On a hot August morning in Van Nuys, Dolores Cardelucci — former restaurateur, former owner of chiropractic and X-ray clinics, writer of pilots for Kelsey Grammer, and for most of her almost 76 years a psychic who also runs spiritual workshops — is about to give me a reading. In a fabulous whiskey voice, she’s prepped me over the phone to bring a watch (because she reads through jewelry) and/or a significant person’s photo, handwriting sample or business card. Dolores’ specialty is business reading (most of her clientele, to my surprise, is male), but I’m not there for that. In fact, a more recalcitrant skeptic than I would be hard to find. I’m a happy unbeliever in fate, former lives, afterlives (my vital organs are DMV-ready for harvesting) or indeed any life other than the arbitrary one I’m leading. Like Grace Paley, I’ve always thought that everyone deserves the open destiny of life, and I’m far from sure I want to know my future, as if such a determinate thing exists.

Which is why, waiting on Dolores’ patio for a client to leave, I wonder why I’ve chosen my shiniest, dangliest earrings and made myself up with more care than usual, and why my stomach is misbehaving to beat the band. I have come dressed to impress, and what’s up with that? More important, what does she make of that? I dally in fact-checking preamble designed to persuade at least one of us that I’m there for purely professional reasons. Brisk and grandmotherly in matching yellow top and pants, Dolores outlines her philosophy and practice, a formidable brew of spiritual conviction and adaptive business smarts. During the ’60s she was part of a small group that did “past-life work,” for which there’s less of a market now.
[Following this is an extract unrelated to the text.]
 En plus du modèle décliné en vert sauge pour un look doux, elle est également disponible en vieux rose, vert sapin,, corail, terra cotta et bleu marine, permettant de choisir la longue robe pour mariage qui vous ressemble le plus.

Though she considers the word spiritual “over-rated,” she’s a believer who doesn’t believe it’s possible to be spiritual without religion — but she’s quick to say she never tries to change other people’s belief systems. She’s also sure that we’re all psychics. “We all have intuitive sense, but people don’t believe in their intuitive sense.”
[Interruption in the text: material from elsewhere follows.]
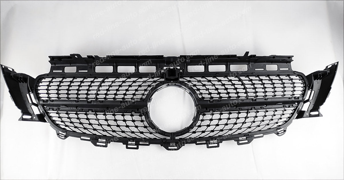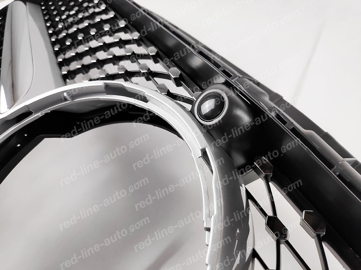 Aftermarket grilles manufactured at OEM standard, with top quality materials, precise design and light weight. A very cost-effective way to give your car a fresh lift to stand out on the road. This grille update is in line with AMG's newest design language: single horizontal fin with diamonds in chrome, it will subtle transform your car to provide a unique look without being crude.

People like me, for example — a loyal but unbelieving, rationalistic Jew, emphatically iconoclastic to the core. So emphatically, in fact, that I’m all too easily unsettled when we get down to business. Dolores impounds my watch and exits briefly. Back in her chair and holding onto the watch, she asks for my date of birth, does some impressively rapid number work on a pad, and then tells me a lot of accurate things that, I tell myself nervously, any astute observer of first impressions could figure out without much trouble. That I’m divorced (no ring) with a child (odds of better than 50 percent). That “someone I know” has problems with their digestive tract (she wouldn’t be the first to say I appear tense on first acquaintance). That she hears something about a new car, so if I don’t have money to buy one I had better be an alert driver. That men named Chris, Steven or David will exert a positive force in my life (who of us doesn’t run into names like that in the course of a year?). That a relative is ill and will probably die soon (not unusual in the family of a middle-aged person). That I’m “good inside” but I could “use a good experience” (couldn’t we all?).

Only, while I’m hanging onto my guard like a stubborn terrier, I’m also thinking, as most novices do, how the hell does she know all this concrete stuff about me? Dolores may be a canny psychologist and entrepreneur, but she’s also a Presence — discerning and sympathetic but pulling no punches on the gloomy stuff, and absolutely sincere. By the time she sums up with the news that 2007 will give me a “breather” on most fronts, I am thoroughly and contentedly in her pocket. Whether she’s just a shrewd judge of character and human desire or knows something I don’t, Dolores, like any therapist worth her 50 minutes, has made me feel what few of us are made to feel most of the time — respected, attended to, comforted and hopeful. When she is done with me, I get into my car and drive home — very, very carefully — wondering all the way when Chris or Steven or David or all of the above will show up to make my day.